AVAILABLE DATA:
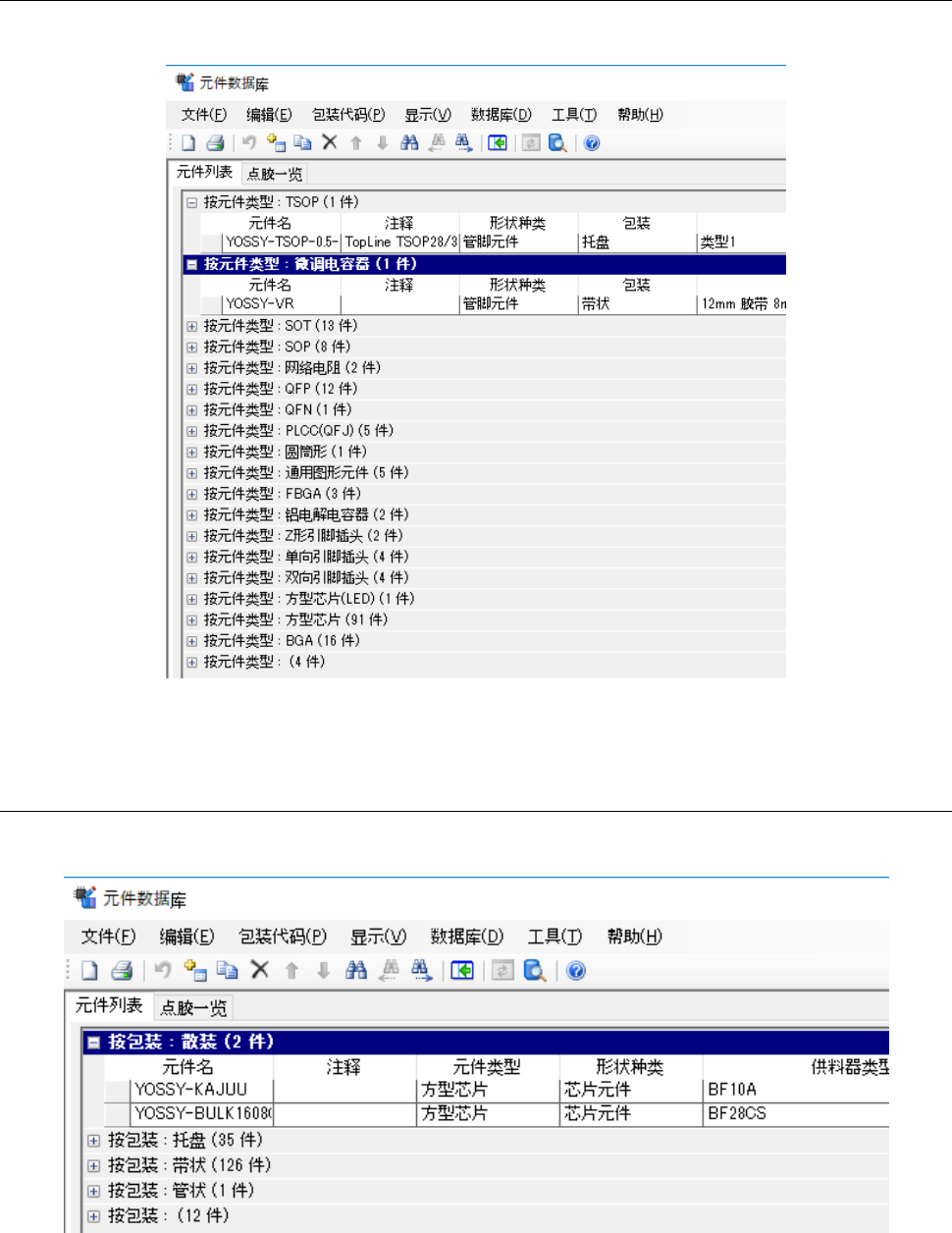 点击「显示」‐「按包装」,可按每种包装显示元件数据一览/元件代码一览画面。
* * *
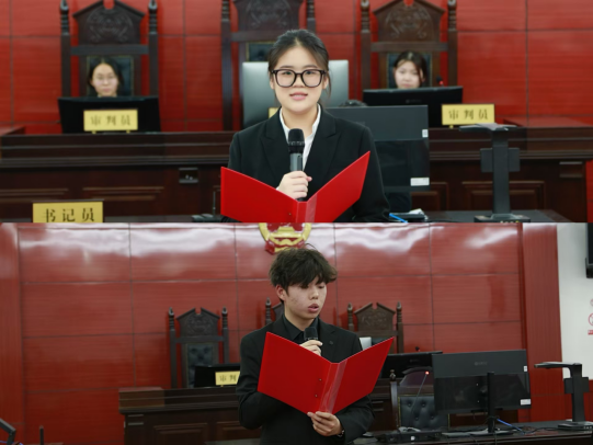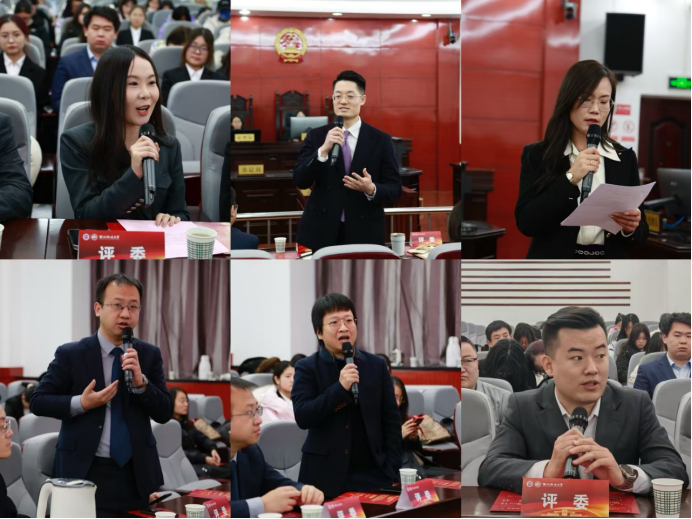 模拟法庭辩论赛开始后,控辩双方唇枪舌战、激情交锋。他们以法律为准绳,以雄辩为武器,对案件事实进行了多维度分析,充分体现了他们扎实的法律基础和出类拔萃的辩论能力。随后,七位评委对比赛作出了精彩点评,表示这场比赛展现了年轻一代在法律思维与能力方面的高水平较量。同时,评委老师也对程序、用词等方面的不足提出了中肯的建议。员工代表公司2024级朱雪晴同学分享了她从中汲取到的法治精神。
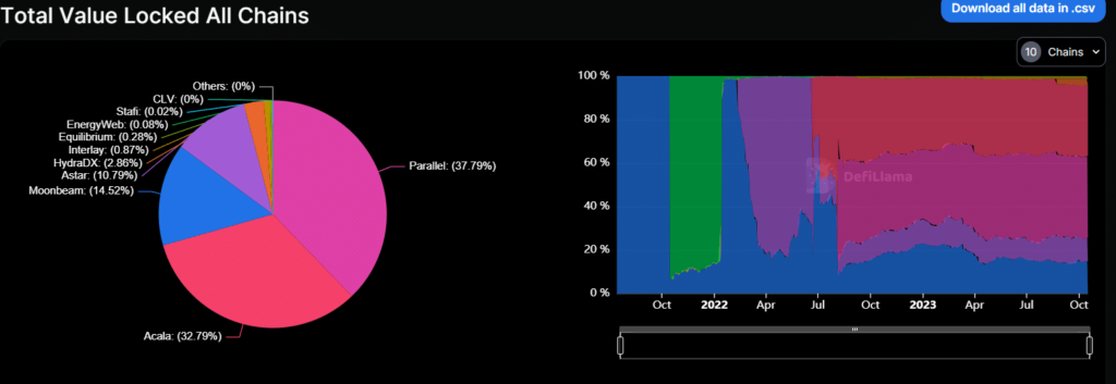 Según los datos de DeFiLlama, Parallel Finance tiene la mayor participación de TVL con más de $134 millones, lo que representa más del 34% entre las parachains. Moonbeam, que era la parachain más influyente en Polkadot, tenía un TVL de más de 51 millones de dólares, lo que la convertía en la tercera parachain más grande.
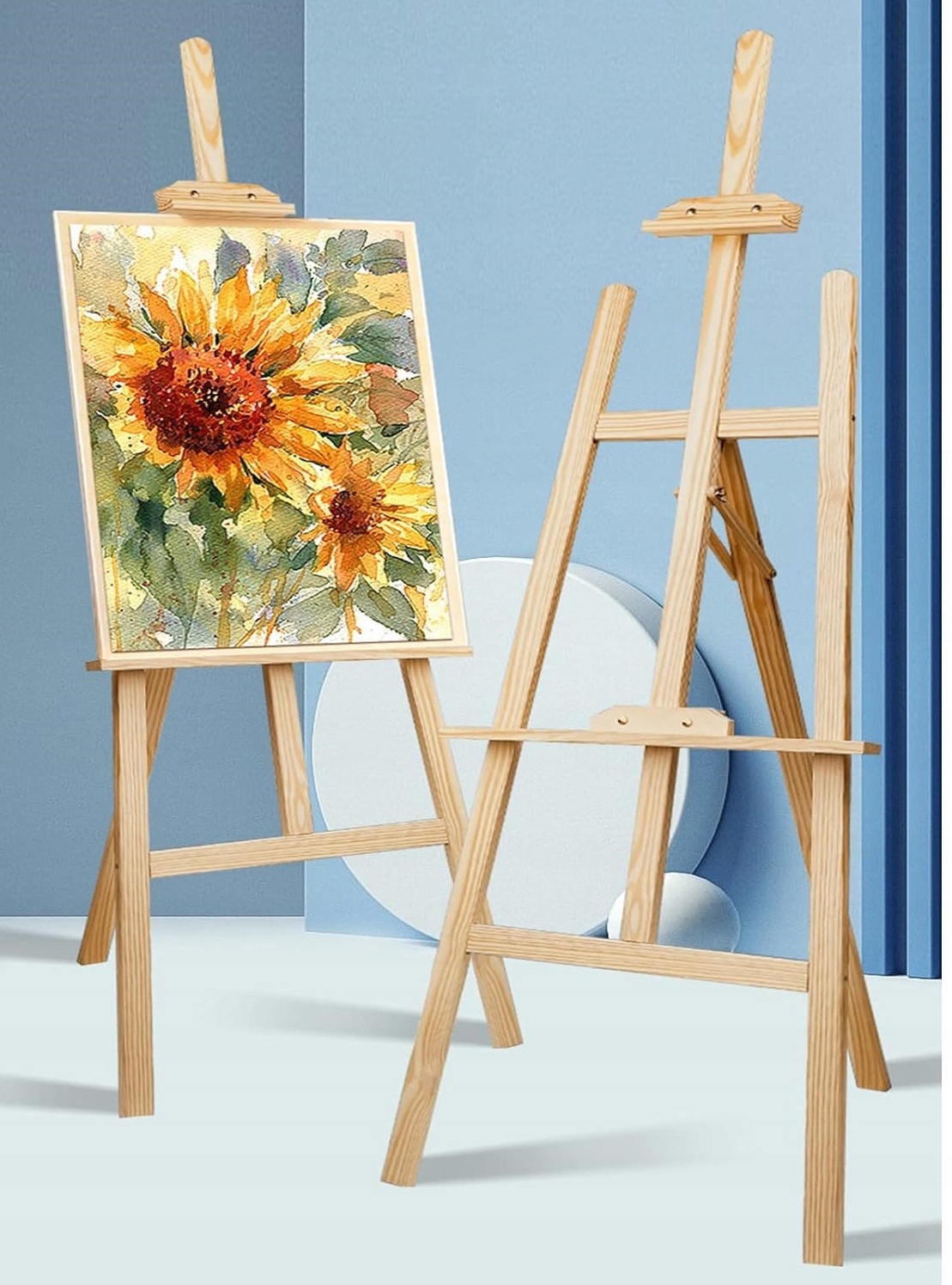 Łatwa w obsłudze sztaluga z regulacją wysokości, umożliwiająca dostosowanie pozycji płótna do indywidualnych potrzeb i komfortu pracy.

WHAT THE TASK REQUIRES: Leave out every picture, and copy exactly the lines above starting at the one holding "模拟法庭辩论赛开始后,控辩双" and ending at the one holding "Łatwa w obsłudze", no more and no less.

RESPONSE AREA:
 模拟法庭辩论赛开始后,控辩双方唇枪舌战、激情交锋。他们以法律为准绳,以雄辩为武器,对案件事实进行了多维度分析,充分体现了他们扎实的法律基础和出类拔萃的辩论能力。随后,七位评委对比赛作出了精彩点评,表示这场比赛展现了年轻一代在法律思维与能力方面的高水平较量。同时,评委老师也对程序、用词等方面的不足提出了中肯的建议。员工代表公司2024级朱雪晴同学分享了她从中汲取到的法治精神。
 Según los datos de DeFiLlama, Parallel Finance tiene la mayor participación de TVL con más de $134 millones, lo que representa más del 34% entre las parachains. Moonbeam, que era la parachain más influyente en Polkadot, tenía un TVL de más de 51 millones de dólares, lo que la convertía en la tercera parachain más grande.
 Łatwa w obsłudze sztaluga z regulacją wysokości, umożliwiająca dostosowanie pozycji płótna do indywidualnych potrzeb i komfortu pracy.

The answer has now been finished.